Оттолкнул Свена и откатился от него подальше, попутно заворачиваясь в одеяло, чтобы не мерзнуть и не светить голой задницей.
— Не хочу сегодня. — Отверг все возмущения.
Свен молча и покорно ушел в ванную, подрочить в душе, как он это любил делать.
Квартира была старой постройки, с просторными комнатами, большими квадратными окнами и высокими потолками. Все это считалось неким шиком, а для Этьена в этом месте веяло ужасной, вроде как пережитой, казенщиной.
Пришли они уже, когда все собрание было в сборе, и к ним тут же кинулся странный омега с синими длинными волосами, которые у него свободно болтались за спиной. Омега был весь в летящих многослойных тряпках и с кучей сережек в исколотых ушах.
— Свен! — радостно завизжал он и кинулся обнимать Свена, но потом заметил Этьена и несколько смутился. Этьену было по барабану до того, с кем Свен обнимается.
— Привет. — Продолжил улыбаться омега. — Мы с ребятами тебя заждались, — потом обратился к Этьену, — Привет, Я — Томми.

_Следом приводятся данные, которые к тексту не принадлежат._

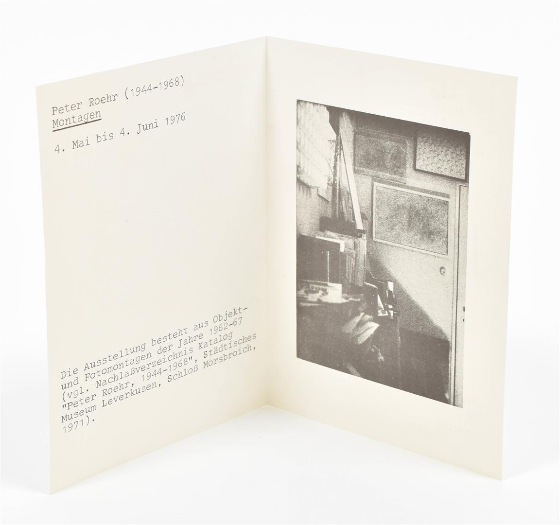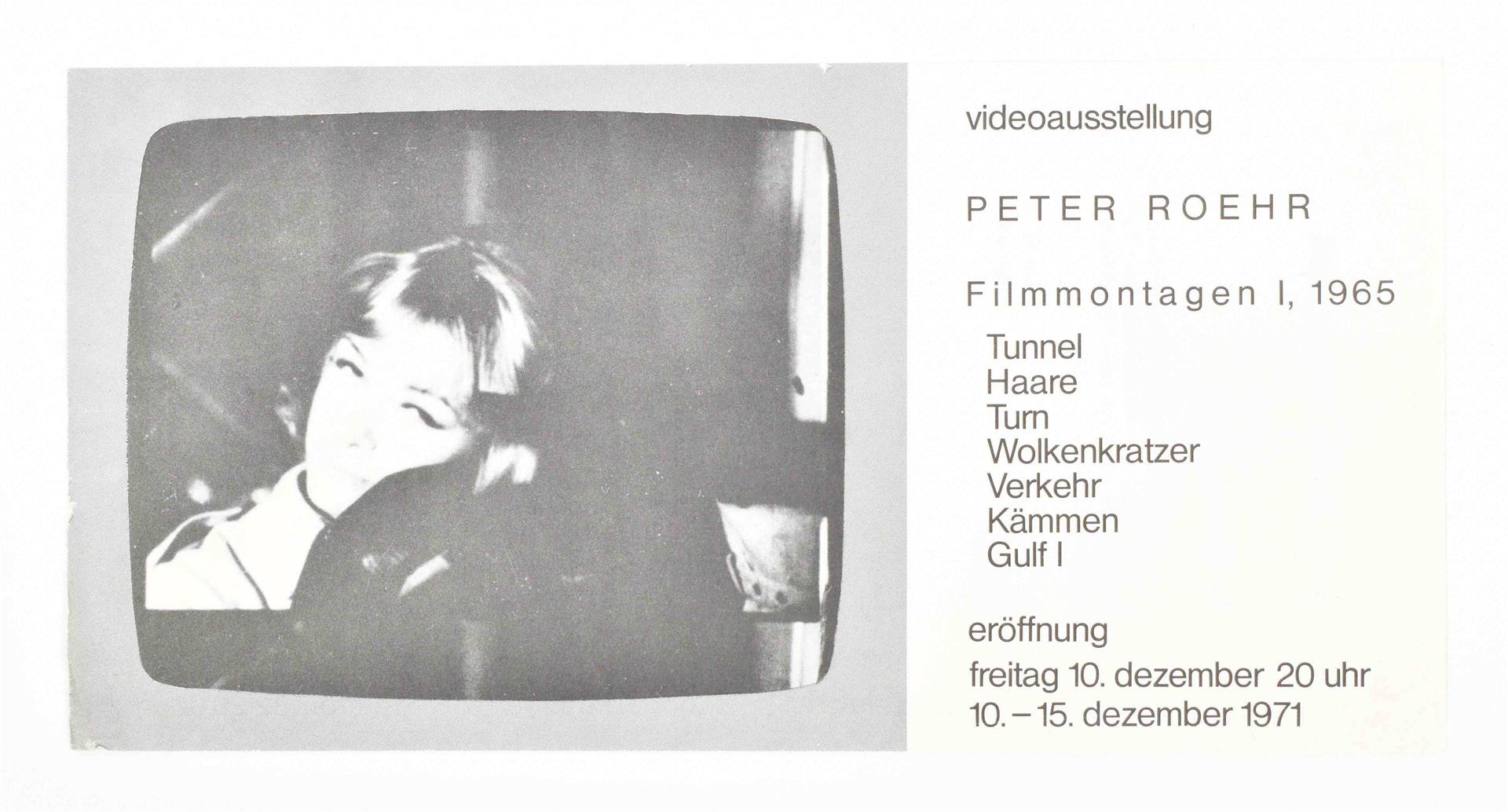 The German artist Peter Roehr (1944-1968) became known for his serial montages which included objects, photo, film and sound montages as well as text or 'typo-montages'. He collaborated closely with Paul Maenz, amongst others in organizing the 1967 exhibition 'Serielle Formationen' with André, Dibbets, Haacke, Judd, Manzoni and Schoonhoven. Paul Maenz gallery was instrumental in keeping the artist's legacy alive.

Омежка, кажется, был в хорошем настроении и всех любил. И Этьену это понравилось, Этьену тоже захотелось улыбаться.
— Этьен, — ответил за него Свен и одной рукой притянул к себе, — моя любовь.
— А теперь так? — Этьен глянул на него. — И где же сумасшедшие философы? — он снова посмотрел на омежку перед ним.
— Они еще трезвые. — Засмеялся омежка. — Давайте куртки мне, я приберу. Свен, — кивнул он на Этьена, — поухаживай за любовью.
Свен помог ему снять короткое пальто, самое красивое и элегантное, что нашел Этьен. Омежка засунул всю верхнюю одежду в большой шкаф и, схватив Этьена за руку, повел в смежную комнату, отделенную от прихожей разноцветными шторами.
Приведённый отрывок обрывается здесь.